Do you think, if I click on page 142360, the service will explode?

MySQL, MongoDB is fine, it’s a professional database, it’s not good, it’s slow at best, but when it comes to ES, it’s not the same, we have to use the SearchAfter Api to loop the data, and that’s a memory footprint issue, and if the code wasn’t written gracefully, This can directly lead to a memory overflow.

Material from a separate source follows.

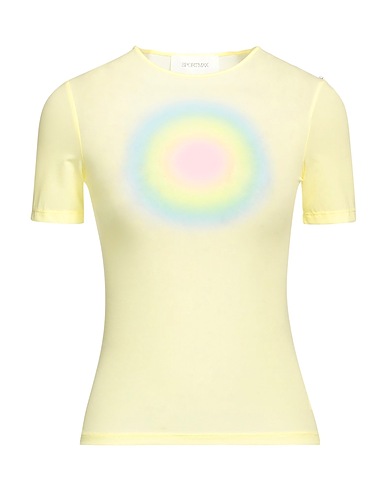 synthetic jersey, crystals, multicolor, crewneck, short sleeves, without pockets, stretch, printed t-shirt
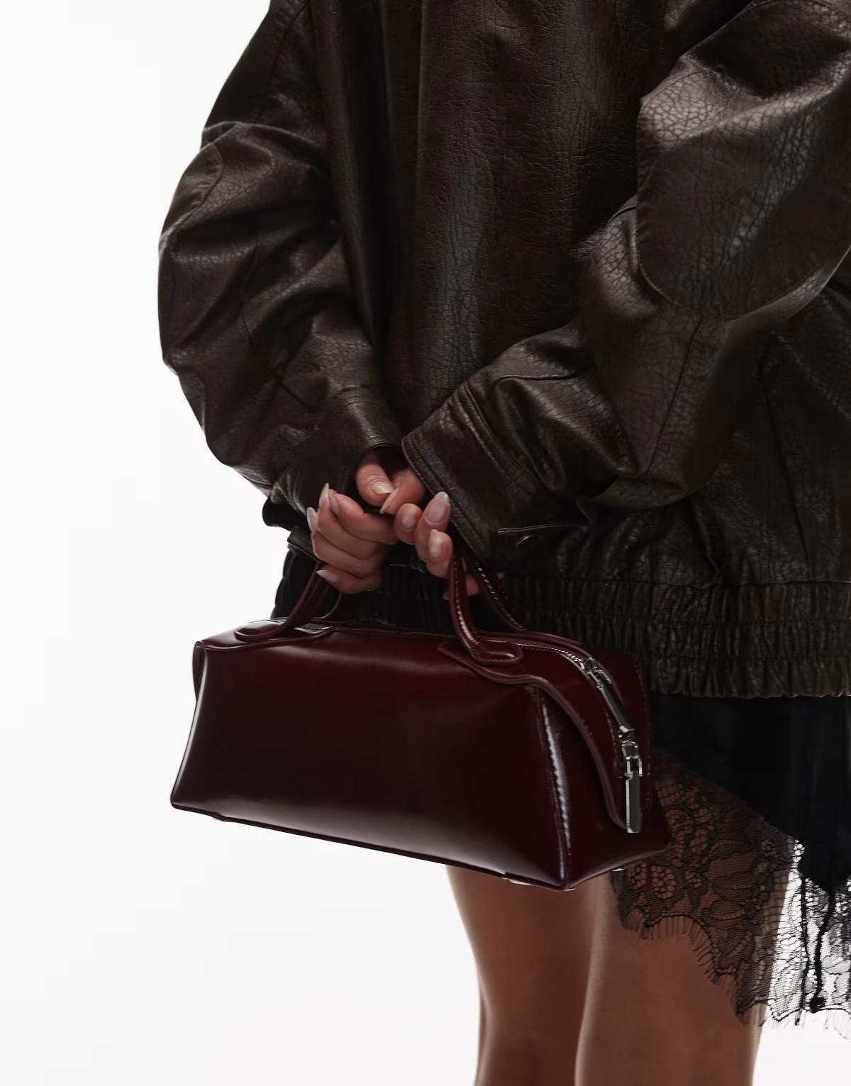 ASOS DESIGN elongated top handle bowler bag in burgundy

Why can’t you allow random depth page skipping

From a technical point of view, let’s talk briefly about why random deep page skipping is not allowed, or why deep paging is not recommended

MySQL

Basic principles of paging:

SELECT * FROM test ORDER BY id DESC LIMIT 10000, 20;
Copy the code

LIMIT 10000, 20 means to scan 10020 rows that satisfy the condition, discard the first 10000 rows, and return the last 20 rows. If the LIMIT is 1000000, 100, 1000100 rows will be scanned. In a high concurrency application, more than 100W rows will be scanned per query.

MongoDB

Basic principles of paging:

db.t_data.find().limit(5).skip(5);
Copy the code

Similarly, with the increase of the page number, the items skipped by SKIP will also become larger. This operation is implemented by iterator of CURSOR, and the consumption of CPU will be very obvious. When the page number is very large and frequent, it will inevitably explode.

ElasticSearch

From a business point of view ElasticSearch is not a typical database. It is a search engine. If you filter and don’t find the data you want, you will not find the data you want if you continue deep paging. When paging, you must run into the max_result_window limit. See? The official limit is 10,000.

Query process:

  1. For example, if page 501 is queried with 10 entries on each page, the client sends a request to a node
  2. This node broadcasts data to each shard, each of which queries the first 5010 pieces of data
  3. The query results are returned to this node, and then the data is consolidated to fetch the first 5010 data
  4. Return to the client

You can see why you want to limit the offset, and if you use the Search After scrolling API for deep page hopping queries, you’ll need to scroll thousands of pieces at a time, and maybe millions or tens of millions of pieces of data in total, just for the last 20 pieces of data.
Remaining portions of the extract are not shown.